Joss Wedon’s Dollhouse

 Posted by on 23 February 2009 at 12:01 am  Psychology, Television
Feb 232009

Joss Whedon really got my attention with his wonderful but sadly shortlived TV series Firefly and its related movie Serenity. So when I found the premiere episode of his Dollhouse series on Hulu last night, I was eager to check it out.

Quick review: I’m intrigued. Excellent production, solid acting, short skirts. And most important, a sci-fi premise that will make you think about the nature of personal identity. What if you could copy aspects of people from a library of personas to create an amalgam in a host, tailored for some particular application? Need someone who flies helicopters and has a doctorate in neurobiology? Coming right up — but you’d better hope that the amalgam is stable and that none of the donors’ psychological quirks mess things up before the mission is completed and the host is wiped clean again.

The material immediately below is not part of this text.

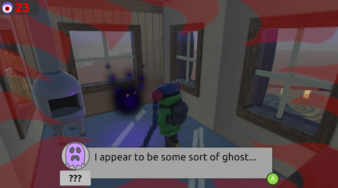 Early in the game, May finds and fixes up a device for talking to ghosts. An “Ecto-Phone” if you will. With the Ecto-Phone, May can talk to the many ghosts haunting the houses around town, and try to help them remember their names. |

Which brings us to the hosts, the agents used in these missions. What would be their motivation for undertaking such a lifestyle? Who would volunteer to become a vessel forever filled and emptied by someone else? Sure, whatever horrible memories they’ve accumulated in life would be erased, which sounds appealing. And they would get to be and do an amazing variety of things — presumably bringing about happiness and justice and so on. That’s pretty cool, too.

But who are you, if not the sum of your choices and actions and experiences? And what is any of it worth to you if you have no knowledge of what “you” did?